*** Records for the task Section Begins ***
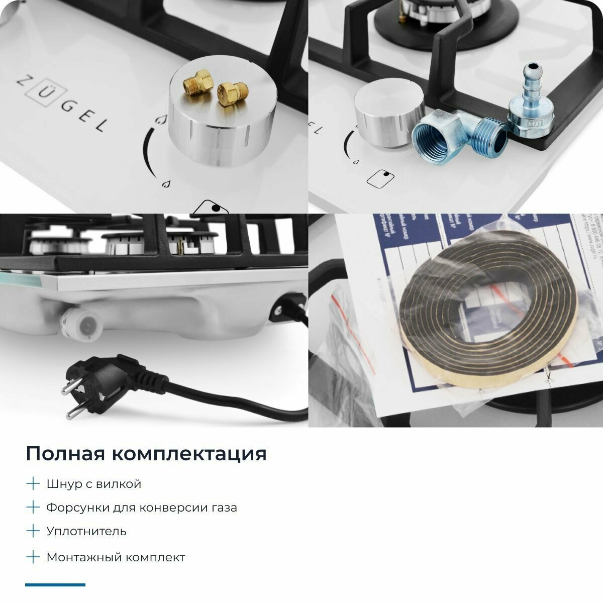 Встраиваемая газовая варочная панель ZUGEL ZGH291W белая
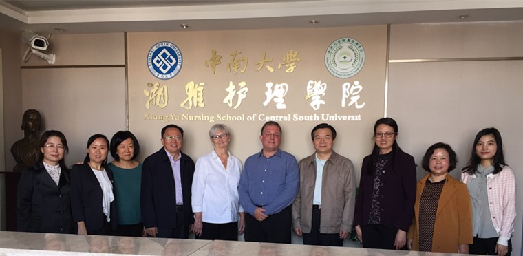 At 9:00 a.m. on October 29, 2018, Professor Ann B.Williams, Director of International Affairs of Rory Meyers School of Nursing, Senior Researcher Dr. Lloyd A. Goldsamt, Deputy Director of International Affairs Dr. Hongping Tian and three others visited our school. Party Secretary Li Tao, Dean Tang Siyuan, Deputy Dean Wang Honghong, Deputy Dean Li Xianhong, Professor Zeng Hui, Teacher Liu Zina and Teacher Liu Jing attended the exchange meeting. The meeting was hosted by Deputy Dean Wang Honghong.
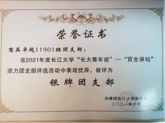 目前,该班全员为共青团员,共28名,其中有入党积极分子5名,党的发展对象5名,以及中共预备党员3名。全员完成递交入党申请书。2021年被评为校级“百盛讲坛”银牌团支部。多人被评为优秀共青团员。在团支书、团副支书和积极入党的同学们的带领下,全班在政治思想方面不滑坡、不脱轨。紧紧依靠党组织,坚定不移跟随党的领导脚步。在团支部建设中,结合团支部自身情况制订了一系列规章制度,使团支部的各项工作走向制度化、正规化、系统化,增强了团员意识。每月团会班级党员组织全班同学学习习近平总书记系列重要讲话精神,活动后认真撰写读书心得。同时,大家认真做好日常工作,积极落实团费收缴、推优、团员教育评议工作,主动关心同学思想动态。
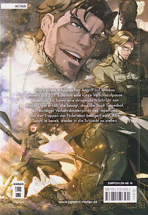 © 2016 Chika Toujou / Carlo Zen Egmont MangaDas Kaiserreich, dessen Armee Oberfeldwebel Tanya Degurechaff angehört, greift das Gebiet der Legedonier an und Tanya ist als Artillerieaufklärer mitten im Gefecht. Bis vor einiger Zeit war sie noch ein arroganter japanischer Angestellter, der sich durch eine strenge Personalpolitik bei seinem Chef einschmeicheln wollte. Doch einer der Männer, die er entlassen hat, stieß ihn einfach vor einen Zug. Nach seinem Tod stand er vor Gott, was er sich in seiner Arroganz nicht eingestehen wollte. So forderte er Gott mit dem Wissen der Wissenschaft heraus, mit dem Ergebnis, dass er nun das Gegenteil seiner bisherigen Welt durchleben sollte. So landete er als kleines Mädchen in einer Welt ohne moderne Wissenschaft, aber voller Krieg und Magie. Tanya wurde von ihren Eltern verstoßen und wuchs deshalb in einem Waisenhaus auf. Aber sie beherrscht die Magie. Und da der Angestellte immer noch das Bewusstsein und das Wissen seines alten Lebens behalten hat, beschloss er, in die Armee einzutreten. Auch wenn Tanya als Artillerieaufklärer an der vordersten Front das Feuer der Geschütze lenkt, freut sie sich. Denn nur so kann sie es als kleines Mädchen schaffen, schnell in der militärische Hierarchie aufzusteigen. Doch Tanya gerät in einen Hinterhalt. Aber mit dem Wissen, dass dieses eine göttliche Prüfung ist, die länger dauern soll, opfert sie sich selber und überlebt trotzdem. So wird Tanya zur jüngsten Heldin ihrer Nation. Der Manga handelt so von einem japanischen Angestellten, dem plötzlich die Chance gegeben wird, zu einer mächtigen und gefürchteten Persönlichkeit aufzusteigen. Mit dem Wissen, dass ihn Gott, bzw. Person X ihn während der Prüfung nicht sterben lässt, versucht er als kleines Mädchen Tanya sich in der Armee mit ihrer Hierarchie durchzusetzen und aufzusteigen. Dass Tanya auch noch gut die Magie beherrscht, hilft ihm dabei. Dabei ist er allerdings ein Spielball der Götter und dadurch auch ein Spielball ihrer Vorgesetzten. Der Unterschied zwischen den Erwartungen des Angestellten und dessen, was wirklich passiert, ist humorvoll dargestellt. Der Krieg selber ähnelt dem ersten Weltkrieg, wobei Tanya an der Seite der Deutschen kämpft. Das moderne Wissen, dass der Angestellte immer einstreut, wird mit kleinen Boxen erklärt. Grafisch ist der Manga sehr gut. Tanya ist als junges Mädchen gut dargestellt, auch wenn sie in Uniform älter aussieht. Auch die weitere Charaktere sind, entsprechend ihrer Rolle, gut besetzt. Die Götter sind die klassischen Götterrollen, wobei sehr viele Religionen vorkommen. Tanya zeigt meistens nur wenig Emotionen, aber wenn, dann geht sie aus sich heraus. Die Kleidung und die Waffen sind detailliert und relativ dicht an existierende Vorbilder gezeichnet. Die Kämpfe werden meistens kurz und etwas unübersichtlich dargestellt. Der Kampfverlauf wird eher durch Texte erklärt. Zerrissene Menschen sind aber eher selten zu sehen. Wie die Charaktere sind auch die Hintergründe genau und detailliert gezeichnet. Manga auf https://www.egmont-manga.de |
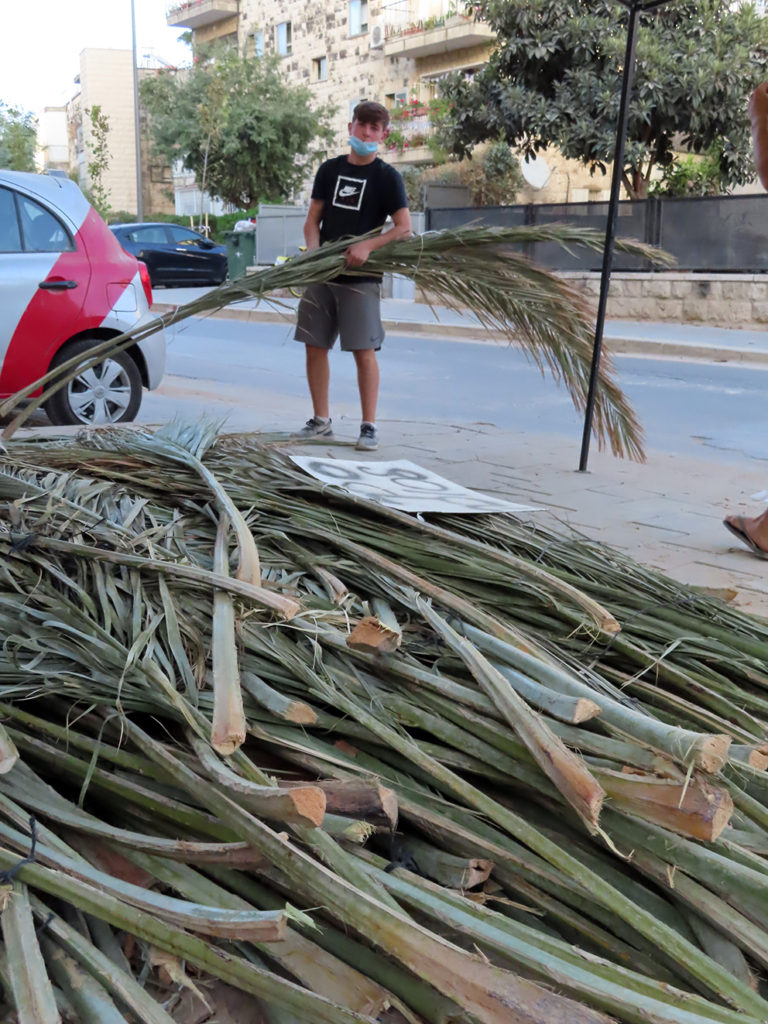Like bortenfor var det lagt ut en stor haug med kuttede palmegrener. I Norden står juletreselgerne med sine gran- og furutrær. I Israel er det palmegreneselgere. For palmegrener er populært når man skal legge tak på løvhytten. Taket skal være slik at det dekker hytten, men man skal kunne se stjernene gjennom grenene. Det skal minne om at om Gud ikke vokter løvhytten som under ørkenvandringen, så vokter vekteren forgjeves. Vann og vind kan trenge inne.
*** Records for the task Section Ends ***
**Instructions to follow**
Without the pictures, write out every line above exactly as it appears.

**Written reply**
 Встраиваемая газовая варочная панель ZUGEL ZGH291W белая
 At 9:00 a.m. on October 29, 2018, Professor Ann B.Williams, Director of International Affairs of Rory Meyers School of Nursing, Senior Researcher Dr. Lloyd A. Goldsamt, Deputy Director of International Affairs Dr. Hongping Tian and three others visited our school. Party Secretary Li Tao, Dean Tang Siyuan, Deputy Dean Wang Honghong, Deputy Dean Li Xianhong, Professor Zeng Hui, Teacher Liu Zina and Teacher Liu Jing attended the exchange meeting. The meeting was hosted by Deputy Dean Wang Honghong.
 目前,该班全员为共青团员,共28名,其中有入党积极分子5名,党的发展对象5名,以及中共预备党员3名。全员完成递交入党申请书。2021年被评为校级“百盛讲坛”银牌团支部。多人被评为优秀共青团员。在团支书、团副支书和积极入党的同学们的带领下,全班在政治思想方面不滑坡、不脱轨。紧紧依靠党组织,坚定不移跟随党的领导脚步。在团支部建设中,结合团支部自身情况制订了一系列规章制度,使团支部的各项工作走向制度化、正规化、系统化,增强了团员意识。每月团会班级党员组织全班同学学习习近平总书记系列重要讲话精神,活动后认真撰写读书心得。同时,大家认真做好日常工作,积极落实团费收缴、推优、团员教育评议工作,主动关心同学思想动态。
 © 2016 Chika Toujou / Carlo Zen Egmont MangaDas Kaiserreich, dessen Armee Oberfeldwebel Tanya Degurechaff angehört, greift das Gebiet der Legedonier an und Tanya ist als Artillerieaufklärer mitten im Gefecht. Bis vor einiger Zeit war sie noch ein arroganter japanischer Angestellter, der sich durch eine strenge Personalpolitik bei seinem Chef einschmeicheln wollte. Doch einer der Männer, die er entlassen hat, stieß ihn einfach vor einen Zug. Nach seinem Tod stand er vor Gott, was er sich in seiner Arroganz nicht eingestehen wollte. So forderte er Gott mit dem Wissen der Wissenschaft heraus, mit dem Ergebnis, dass er nun das Gegenteil seiner bisherigen Welt durchleben sollte. So landete er als kleines Mädchen in einer Welt ohne moderne Wissenschaft, aber voller Krieg und Magie. Tanya wurde von ihren Eltern verstoßen und wuchs deshalb in einem Waisenhaus auf. Aber sie beherrscht die Magie. Und da der Angestellte immer noch das Bewusstsein und das Wissen seines alten Lebens behalten hat, beschloss er, in die Armee einzutreten. Auch wenn Tanya als Artillerieaufklärer an der vordersten Front das Feuer der Geschütze lenkt, freut sie sich. Denn nur so kann sie es als kleines Mädchen schaffen, schnell in der militärische Hierarchie aufzusteigen. Doch Tanya gerät in einen Hinterhalt. Aber mit dem Wissen, dass dieses eine göttliche Prüfung ist, die länger dauern soll, opfert sie sich selber und überlebt trotzdem. So wird Tanya zur jüngsten Heldin ihrer Nation. Der Manga handelt so von einem japanischen Angestellten, dem plötzlich die Chance gegeben wird, zu einer mächtigen und gefürchteten Persönlichkeit aufzusteigen. Mit dem Wissen, dass ihn Gott, bzw. Person X ihn während der Prüfung nicht sterben lässt, versucht er als kleines Mädchen Tanya sich in der Armee mit ihrer Hierarchie durchzusetzen und aufzusteigen. Dass Tanya auch noch gut die Magie beherrscht, hilft ihm dabei. Dabei ist er allerdings ein Spielball der Götter und dadurch auch ein Spielball ihrer Vorgesetzten. Der Unterschied zwischen den Erwartungen des Angestellten und dessen, was wirklich passiert, ist humorvoll dargestellt. Der Krieg selber ähnelt dem ersten Weltkrieg, wobei Tanya an der Seite der Deutschen kämpft. Das moderne Wissen, dass der Angestellte immer einstreut, wird mit kleinen Boxen erklärt. Grafisch ist der Manga sehr gut. Tanya ist als junges Mädchen gut dargestellt, auch wenn sie in Uniform älter aussieht. Auch die weitere Charaktere sind, entsprechend ihrer Rolle, gut besetzt. Die Götter sind die klassischen Götterrollen, wobei sehr viele Religionen vorkommen. Tanya zeigt meistens nur wenig Emotionen, aber wenn, dann geht sie aus sich heraus. Die Kleidung und die Waffen sind detailliert und relativ dicht an existierende Vorbilder gezeichnet. Die Kämpfe werden meistens kurz und etwas unübersichtlich dargestellt. Der Kampfverlauf wird eher durch Texte erklärt. Zerrissene Menschen sind aber eher selten zu sehen. Wie die Charaktere sind auch die Hintergründe genau und detailliert gezeichnet. Manga auf https://www.egmont-manga.de |
Like bortenfor var det lagt ut en stor haug med kuttede palmegrener. I Norden står juletreselgerne med sine gran- og furutrær. I Israel er det palmegreneselgere. For palmegrener er populært når man skal legge tak på løvhytten. Taket skal være slik at det dekker hytten, men man skal kunne se stjernene gjennom grenene. Det skal minne om at om Gud ikke vokter løvhytten som under ørkenvandringen, så vokter vekteren forgjeves. Vann og vind kan trenge inne.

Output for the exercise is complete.